DEM route help

amtrak2041864

High Speed Rail!!
Hello guys, I will cut stright to the point. Does anyone know of avDEM route that you gain elevation to about 125 - 200 meters? It can be a slope or a nice hill but can I get your help please. Thanks for your time
 
Not quite clear what you are asking here. Are you looking for a route where the rail line rises 125-200 meters, and if so, over how long a distance? The route of the former Lewiston, ID to Moscow Idaho line of the NP / BN (abandoned about 30 years ago, or so) rises from 745 feet at Lewiston, to 2579 feet at Moscow, ID over a distance of about 50 miles or so.

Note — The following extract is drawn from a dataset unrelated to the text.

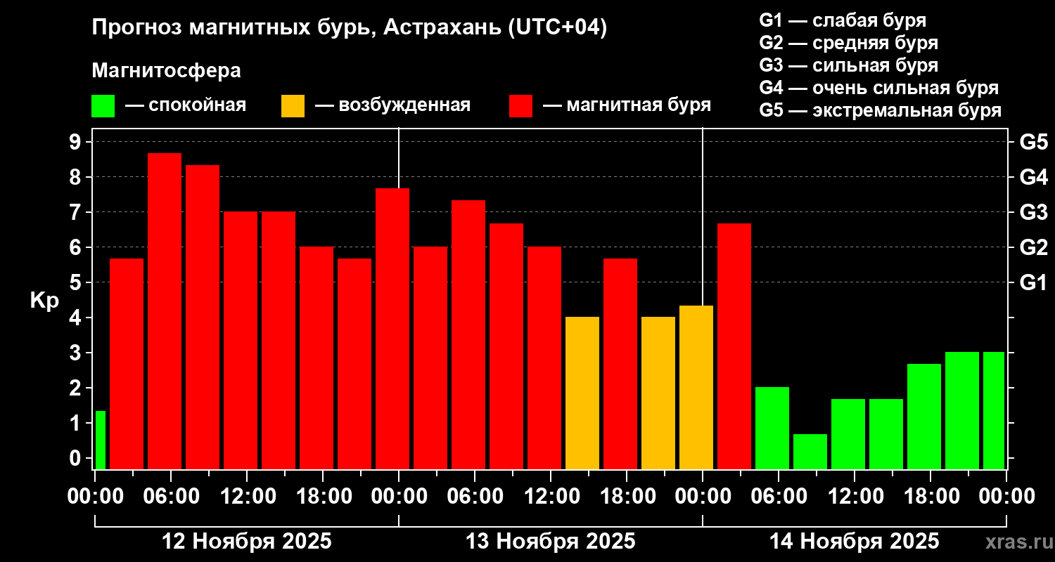 Прогноз магнитных бурь Астрахани на 12 ноября 2025 года

On the other hand, if you leave Lewiston by car, and travel about 4 or five mile up US 95, you will be at your 200 meter difference in altitude up the side of the Clearwater river valley.

ns
 
Well, the shortest number of baseboards would be 1, because there are certainly places where there is a 125 meter difference in elevation in a very short horizontal length, for example the base of Devil's Tower National Monument in Wyoming is 4400 feet, and the top is 5115, achieved over a lateral distance of about 4 baseboard squares (40 meters). The shortest route for a railroad like the one ascending Pikes Peak in Colorado which is a cog railroad, is about 400 to 500 feet, or 10 to twelve baseboard squares. The maximum grade for a conventional railroad is about about 5 percent (one portion of the Saluda grade in NC was this steep) which means a rise in 5 feet in a distance of 100 feet. The shortest distance a 5 percent grade could achieve your 125 meter rise would be over about 2500 meters, or a length of about 3 and 1/2 baseboards. Saluda, though was unusual; the typical maximum grade in the US is not much higher than about 2 percent, which would require a length of about 6,250 meters, or about 9 boards. A grade of 1 percent would require about 18 boards to rise 125 meters. In the real world, a right of way rising 125 meters would follow a river valley, or stream, and would not be a straight line, which would mean the number of boards required would be less, but the distance of the right of way from one end to the other would be about the distances given above.

But what are you trying to accomplish? If you're trying to join two routes, you probably don't need a DEM to do it, and likely won't find one that will fit exactly.